#### What to produce
What's needed is an exact copy of the lines from the one that contains "de kaars zelf" to the end of the data below, leaving the pictures out.

#### Source material
-- -- --
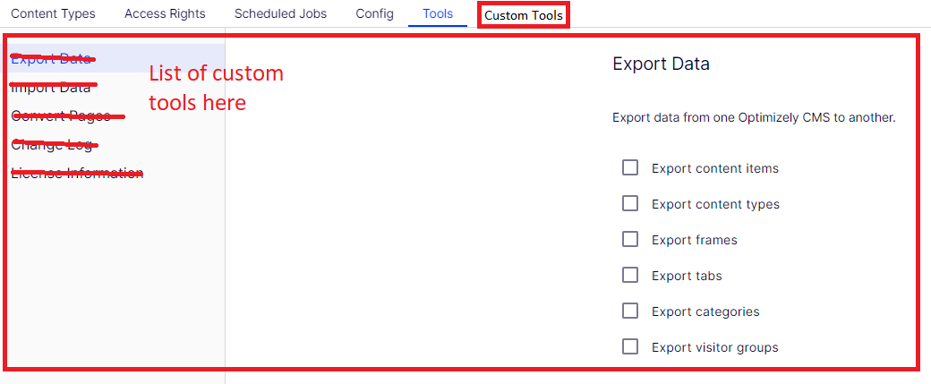 For example, optimizely has the built in "Tools" tab and within that, there is a list of tools that can be clicked on and interacted with. I would like to make a "Custom Tools" section and have a list of custom tools that works and looks like the built-in one.
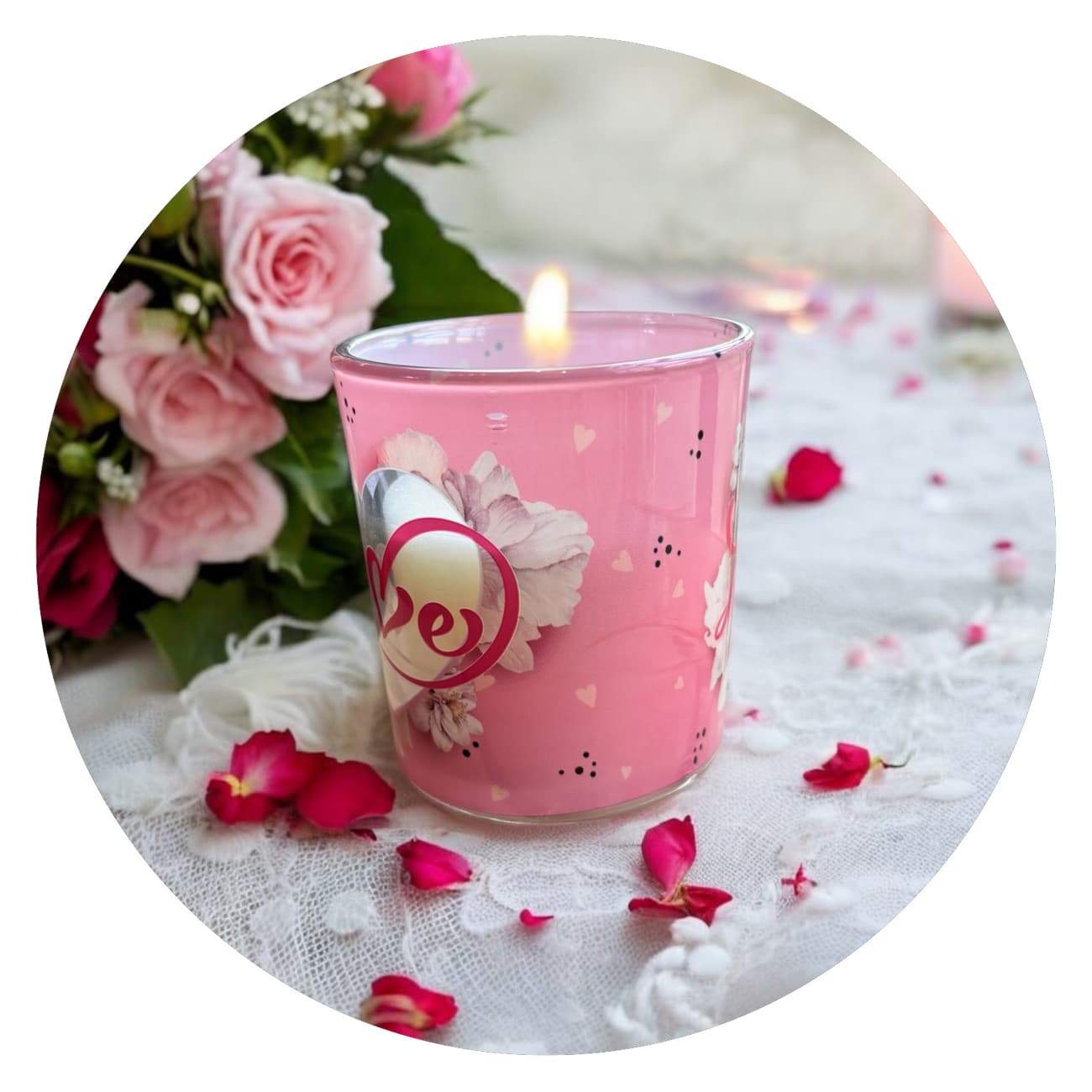 💖 *LOVE* – een woord dat warmte uitstraalt, net als de kaars zelf
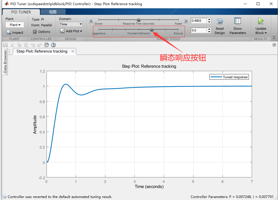 参考信号跟踪响应的超调大概为2.5%。因为在满足过渡时间要求的前提下还有一些余量,我们可以通过增加响应时间来减小超调。向左移动响应时间滑块来增加闭环系统的响应时间。注意在调整响应时间的时候,响应曲线和控制器参数以及性能指标也在不断更新。如图所示:
-- -- --
#### Result
 💖 *LOVE* – een woord dat warmte uitstraalt, net als de kaars zelf
 参考信号跟踪响应的超调大概为2.5%。因为在满足过渡时间要求的前提下还有一些余量,我们可以通过增加响应时间来减小超调。向左移动响应时间滑块来增加闭环系统的响应时间。注意在调整响应时间的时候,响应曲线和控制器参数以及性能指标也在不断更新。如图所示:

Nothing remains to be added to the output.